◆ **Task directions**
All that is needed is the first stretch of the listing below, repeated exactly and ending with the line that contains "13.2. Запрещается выезжать". Pictures are to be left out.

◆ **Collected data**
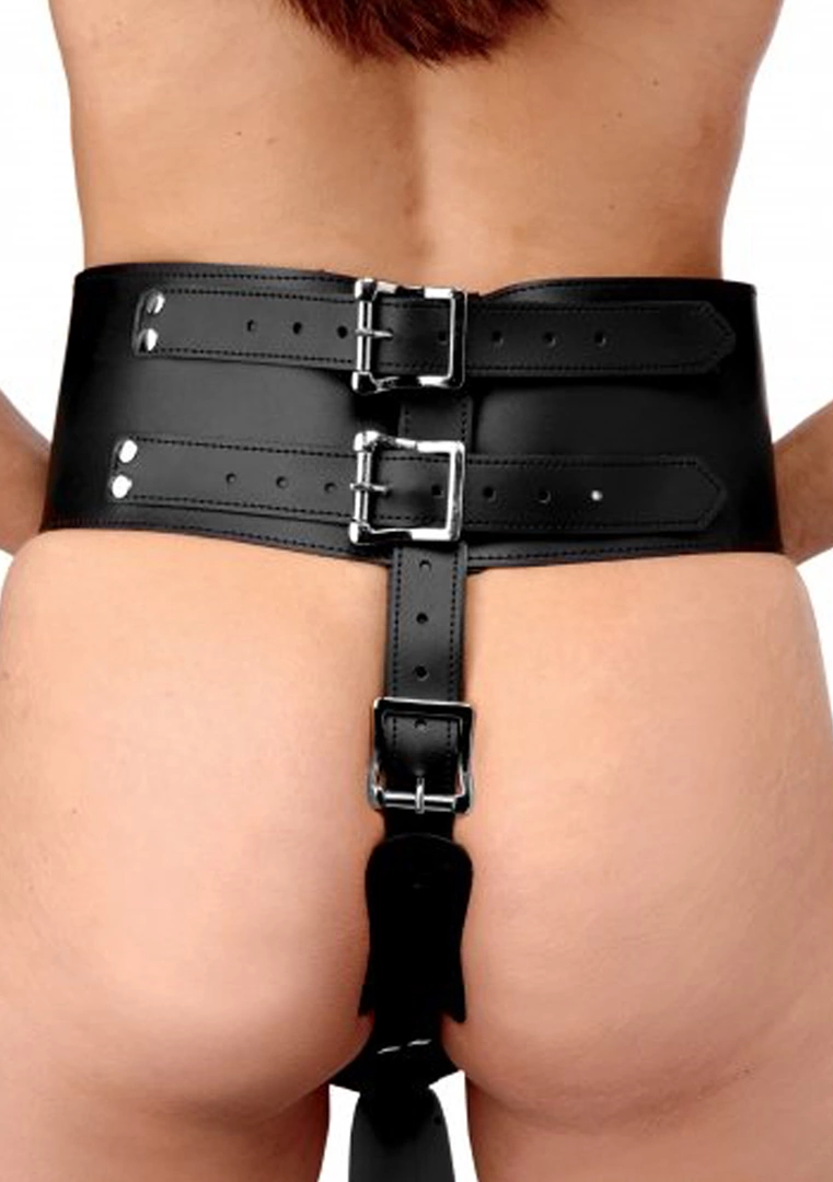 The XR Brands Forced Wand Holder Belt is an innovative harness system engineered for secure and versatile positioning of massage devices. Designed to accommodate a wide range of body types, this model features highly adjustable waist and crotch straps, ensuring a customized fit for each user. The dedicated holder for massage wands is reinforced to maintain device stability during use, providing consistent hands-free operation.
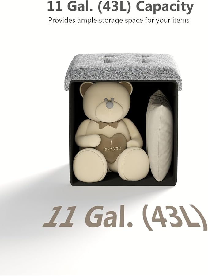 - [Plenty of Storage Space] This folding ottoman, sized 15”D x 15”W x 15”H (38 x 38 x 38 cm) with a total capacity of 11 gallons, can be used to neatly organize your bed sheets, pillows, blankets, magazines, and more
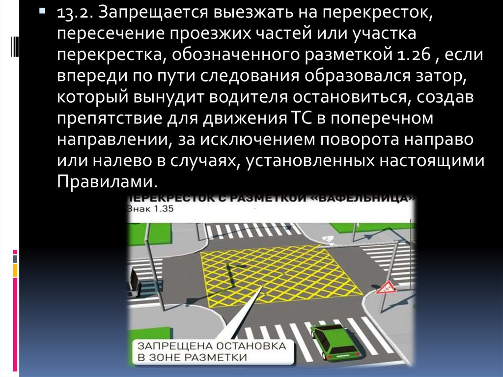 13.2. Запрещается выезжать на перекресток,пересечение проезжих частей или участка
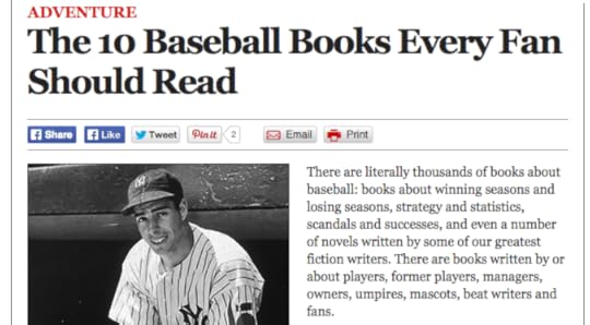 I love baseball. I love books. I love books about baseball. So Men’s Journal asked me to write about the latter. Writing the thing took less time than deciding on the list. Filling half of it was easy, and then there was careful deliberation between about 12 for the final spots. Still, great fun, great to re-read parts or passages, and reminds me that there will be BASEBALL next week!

◆ **Written answer**
 The XR Brands Forced Wand Holder Belt is an innovative harness system engineered for secure and versatile positioning of massage devices. Designed to accommodate a wide range of body types, this model features highly adjustable waist and crotch straps, ensuring a customized fit for each user. The dedicated holder for massage wands is reinforced to maintain device stability during use, providing consistent hands-free operation.
 - [Plenty of Storage Space] This folding ottoman, sized 15”D x 15”W x 15”H (38 x 38 x 38 cm) with a total capacity of 11 gallons, can be used to neatly organize your bed sheets, pillows, blankets, magazines, and more
 13.2. Запрещается выезжать на перекресток,пересечение проезжих частей или участка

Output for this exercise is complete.